The problem :: Each and every line below goes into your answer unchanged, but leave out the images.

Data section Block Start

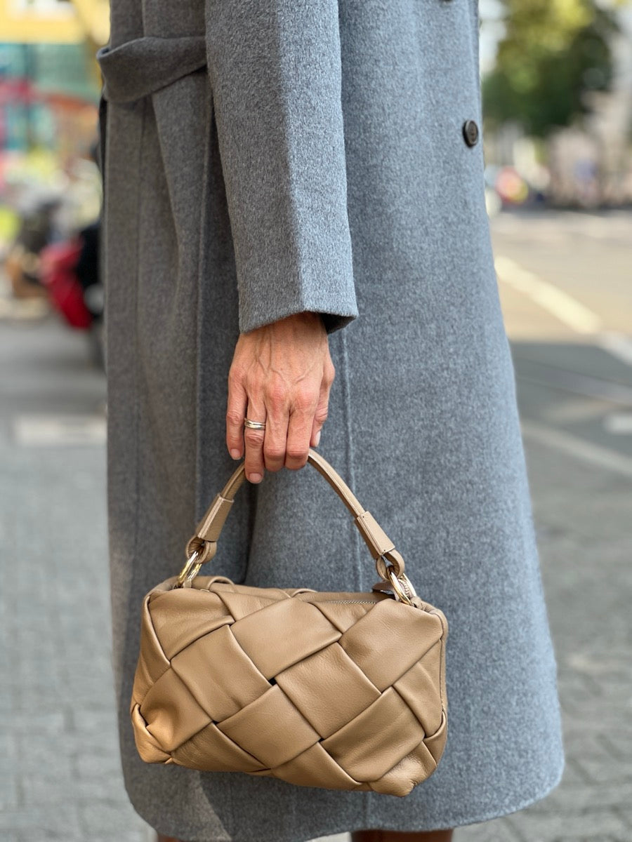 Große Umhängetasche aus Leder im klassischen Design mit Klappdeckel und Verschluss mit goldene details. Das Obermaterial ist gesteppt. Die Innentasche hat einen Reißverschluss.
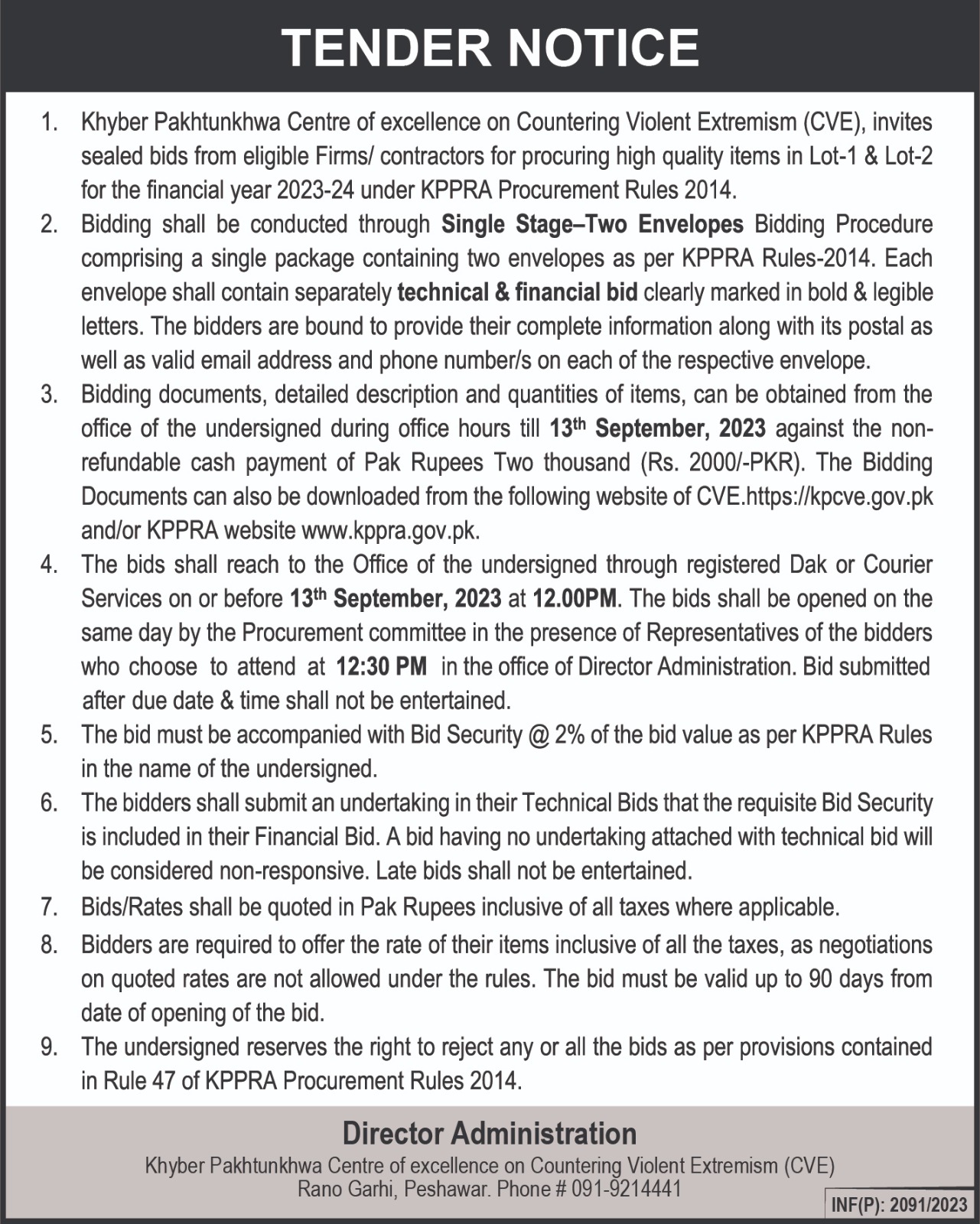 Tender Notice - IT Equipment & Generator
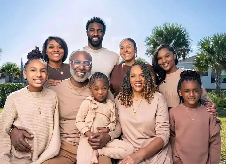 This extended family radiates warmth and unity in coordinated outfits of soft beige, taupe, and sand tones. Their minimal, neutral palette blends seamlessly for a polished yet approachable aesthetic.

Data section Block End

Output of the task ::
 Große Umhängetasche aus Leder im klassischen Design mit Klappdeckel und Verschluss mit goldene details. Das Obermaterial ist gesteppt. Die Innentasche hat einen Reißverschluss.
 Tender Notice - IT Equipment & Generator
 This extended family radiates warmth and unity in coordinated outfits of soft beige, taupe, and sand tones. Their minimal, neutral palette blends seamlessly for a polished yet approachable aesthetic.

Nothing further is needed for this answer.